There has been a significant material change since then anyway 🤷🏻‍♀️

Catalonia is a region and Scotland is a country. That's a huge difference. Independence for Scotland green lights nothing for Catalonia. Spain will continue to oppress and control them sadly.

MinnieMous3 · 28/03/2021 17:25

The 'once in a lifetime/generation' comment was neither a promise nor legally binding.

Ahhh so it’s okay for the SNP to lie, but when BJ makes false promises, it isn’t. Gotcha!

OP posts:
forfucksakenett · 28/03/2021 17:32

@MinnieMous3 it was quite literally a comment that appeared twice in the vision for an independent Scotland book. It's basically poor motivational speech in an effort to get people out to vote. I can only assume that people are being deliberately obtuse when they pull out this line.

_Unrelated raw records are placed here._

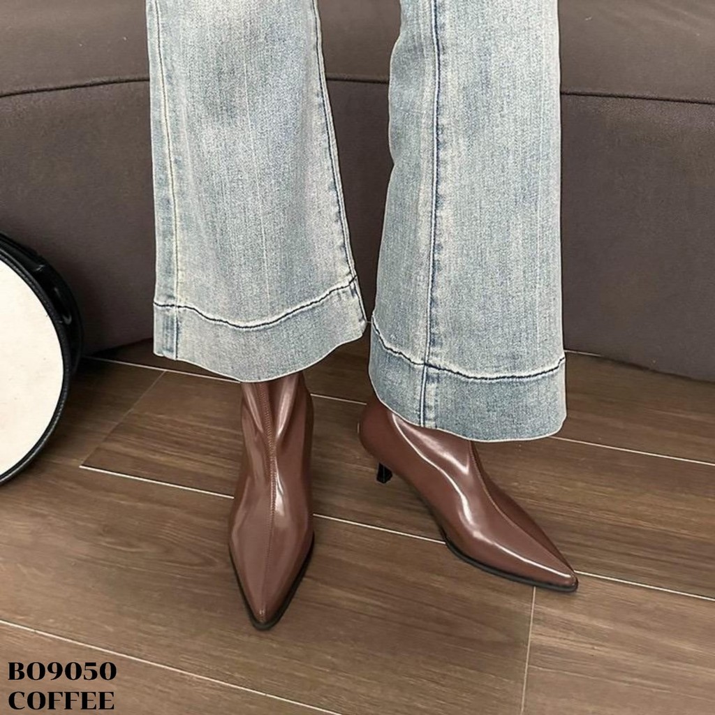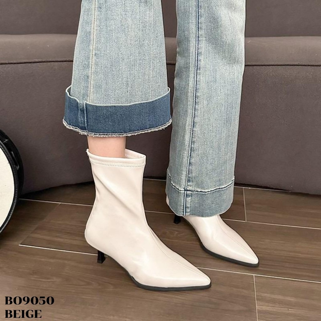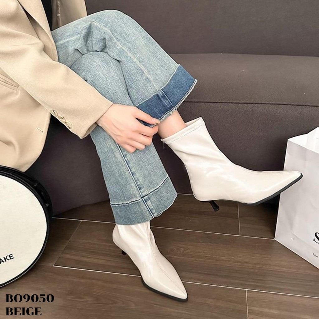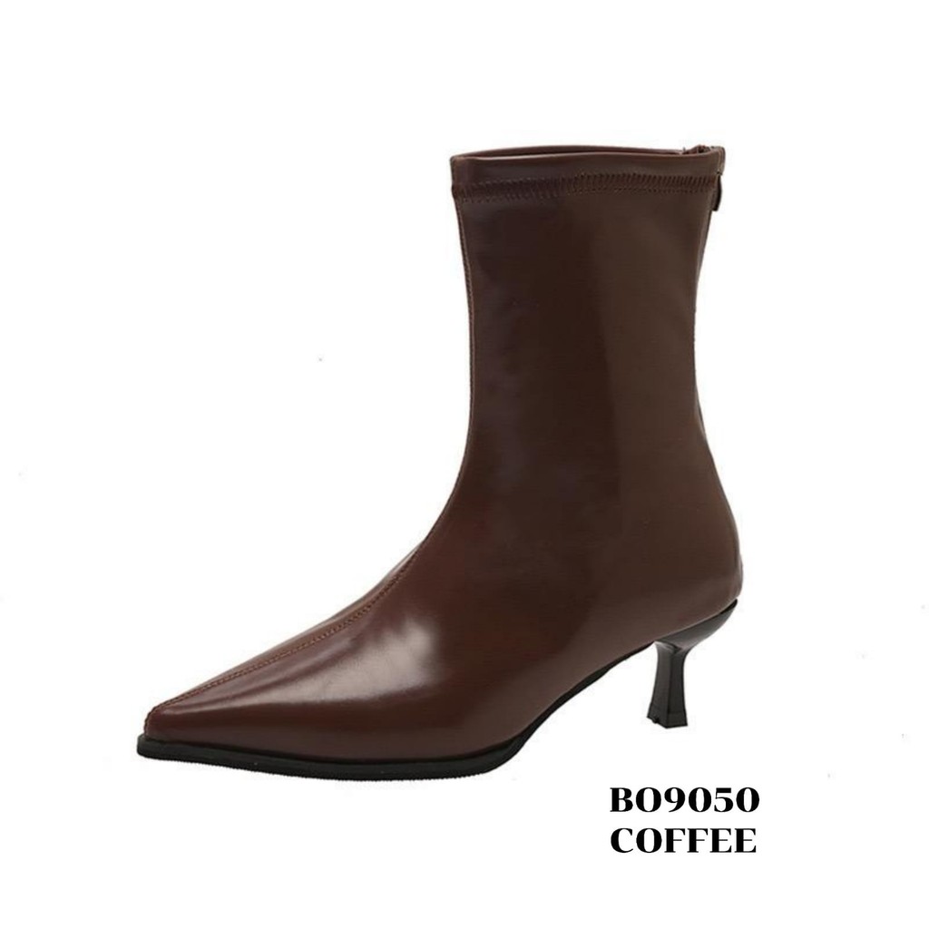 WYN Sepatu Heels Boots Tinggi 5.5Cm Beige Black Coffee Uk 36-40 Sandal Wanita ala Korea style Kulit Sintetis BO9050
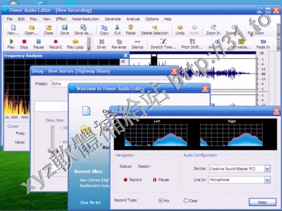 利用Power Audio Editor 你可以打開,建立及保存音頻文件,利用一個波形窗口顯示音頻文件,
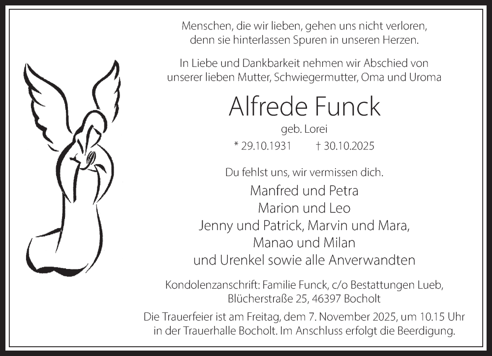 Hier finden Sie alle Traueranzeigen aus der Zeitung, die bisher für Alfrede Funck erschienen sind. Weitere Traueranzeigen, die in der Zeitung erscheinen, werden hier ebenfalls aufgelistet
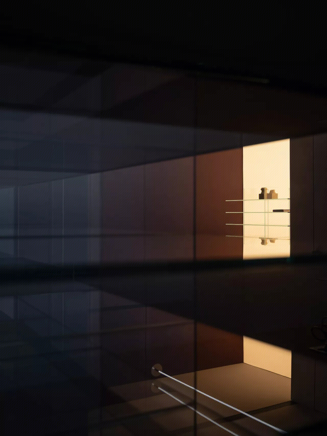 走廊是连接各个区域的桥梁,灯光指引着方向,胡桃木色的墙板前后呼应,搭配组合,室内的气质油然而生
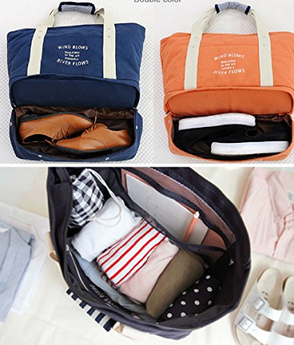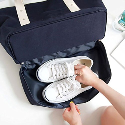 SBOYS(エスボーイズ) マザーズバッグ 防水 二層式 旅行バッグ 靴収納 多機能 特大サイズ トートバッグ 軽量 スポーツバッグ 機内 持ち込み (ダークブルー)
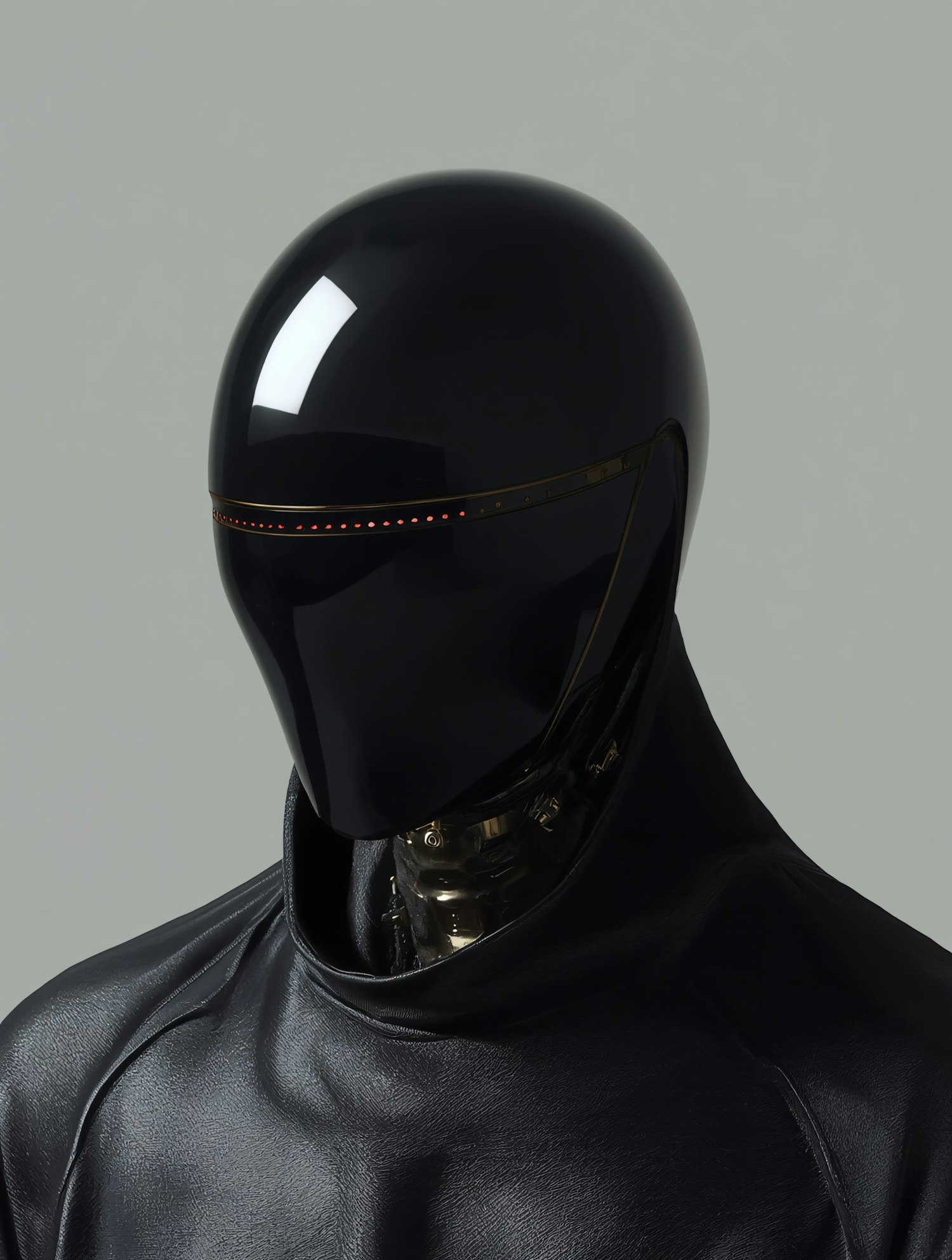 Futuristic humanoid figure with a sleek black helmet, red light accents, and a leather-like outfit against a neutral gray background.

How does one even define a generation?

To be fair though had the last ten years been a little bit better and hadn't included

  • a benefits system that deliberately punishes the poor and weak
  • the proliferation of food banks at an alarming rate (even before covid)
  • the Ever increasing gap between the rich and poor
  • a brexit campaign that was shown to be filled with lies (literally proven in a court of law)
  • the actual Brexit process

Then maybe it would've waited for a generation, whatever that may be. As it is, I understand the renewed vigour with which it is being pursued to be honest.